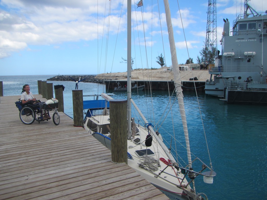 Wir sind in den Bahamas, müssen wir uns immer wieder kneifen beim Essen! Bald, bald sind wir im Bett und auch der Geni der beiden grossen von der Bahamas Defence Force im Hafen können uns nicht mehr stören.
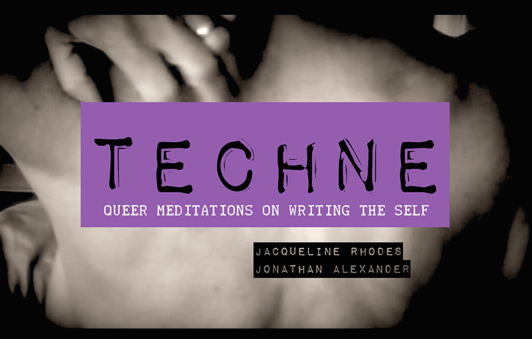 Winner, 2016 CCCC Lavender Rhetorics Book Award for Excellence in Queer Scholarship. In this project, we explore the multiple layerings of text, image, and technology as sites from which to perform/write/read the self. Specifically, this born-digital web-based project explores with its viewers the simultaneous and often contradictory interplay between digital and traditional writing technologies and the author/ed self. In this project, then, we theorize--and enact--how composing practices arise out of the complex interplay amongst discursive formations, embodiment, and mediating technologies. All are vectors through which we are simultaneously called to orient ourselves to dominant forms of knowing and through which we can intervene in such orientation. At any point in composing, we play with the possibility of critique, of writing ourselves differently. And indeed, such play is performative and epistemological. We have attempted to enact in Techne our own paying-attention to the possibilities of working with and composing through new media. Our goal is to provide an exploration of the relationships amongst processes of digital mediation and subjectivation. As such, we have used reflections on our own experiences liberally, as a lived life is the workroom of processes of subjectivation.
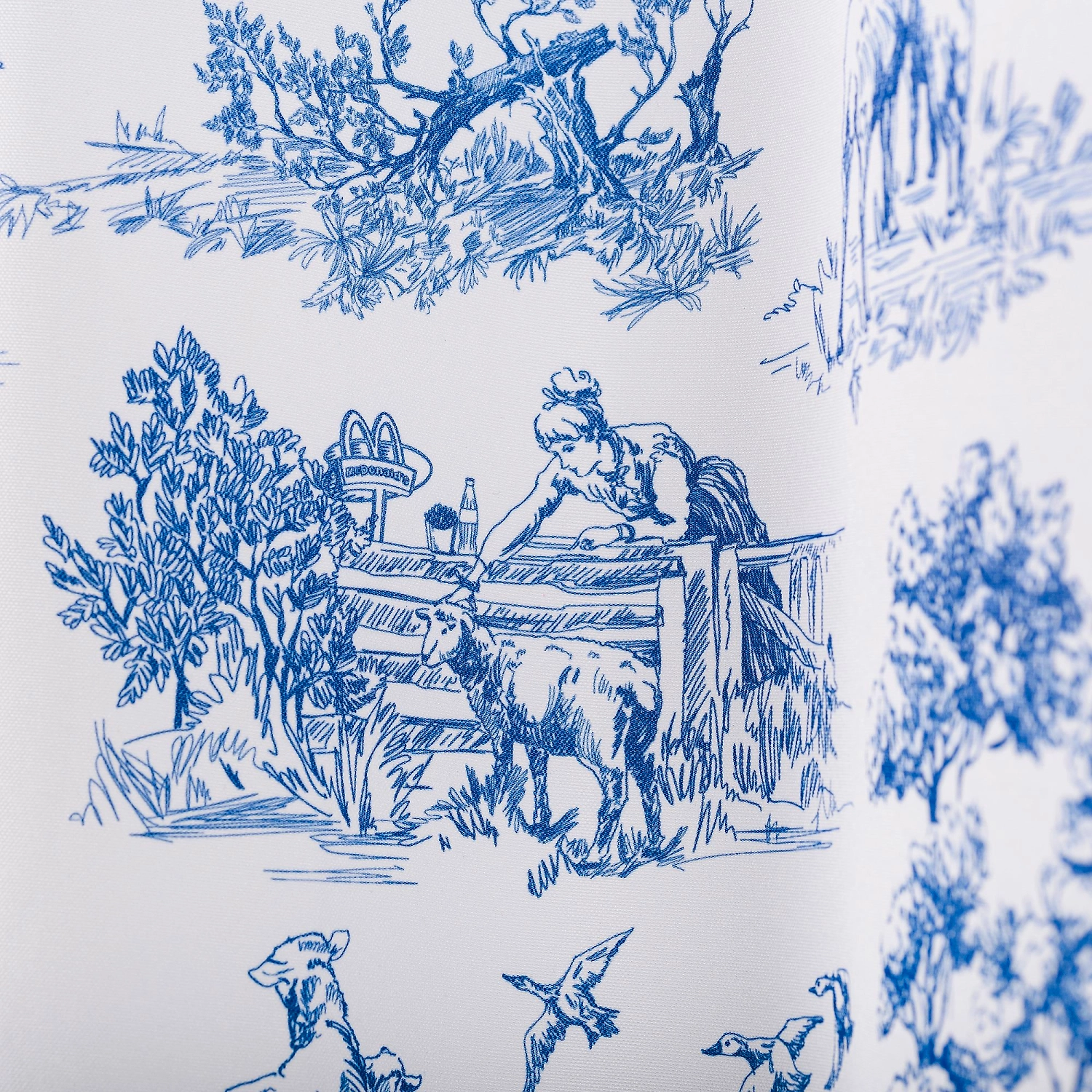 Готовая штора 140х260 см из коллекции Klassika 2.0 — авторское прочтение моды 18 века. Тогда был популярен французский стиль туаль де жуи с характерными пасторальными сценками. В представленной версии классический жуи переосмыслен заново и дополнен атрибутами из цифрового мира.
###
## Activity
Where images occur in the data above, leave them out and repeat everything else exactly.

## Answer area
 Wir sind in den Bahamas, müssen wir uns immer wieder kneifen beim Essen! Bald, bald sind wir im Bett und auch der Geni der beiden grossen von der Bahamas Defence Force im Hafen können uns nicht mehr stören.
 Winner, 2016 CCCC Lavender Rhetorics Book Award for Excellence in Queer Scholarship. In this project, we explore the multiple layerings of text, image, and technology as sites from which to perform/write/read the self. Specifically, this born-digital web-based project explores with its viewers the simultaneous and often contradictory interplay between digital and traditional writing technologies and the author/ed self. In this project, then, we theorize--and enact--how composing practices arise out of the complex interplay amongst discursive formations, embodiment, and mediating technologies. All are vectors through which we are simultaneously called to orient ourselves to dominant forms of knowing and through which we can intervene in such orientation. At any point in composing, we play with the possibility of critique, of writing ourselves differently. And indeed, such play is performative and epistemological. We have attempted to enact in Techne our own paying-attention to the possibilities of working with and composing through new media. Our goal is to provide an exploration of the relationships amongst processes of digital mediation and subjectivation. As such, we have used reflections on our own experiences liberally, as a lived life is the workroom of processes of subjectivation.
 Готовая штора 140х260 см из коллекции Klassika 2.0 — авторское прочтение моды 18 века. Тогда был популярен французский стиль туаль де жуи с характерными пасторальными сценками. В представленной версии классический жуи переосмыслен заново и дополнен атрибутами из цифрового мира.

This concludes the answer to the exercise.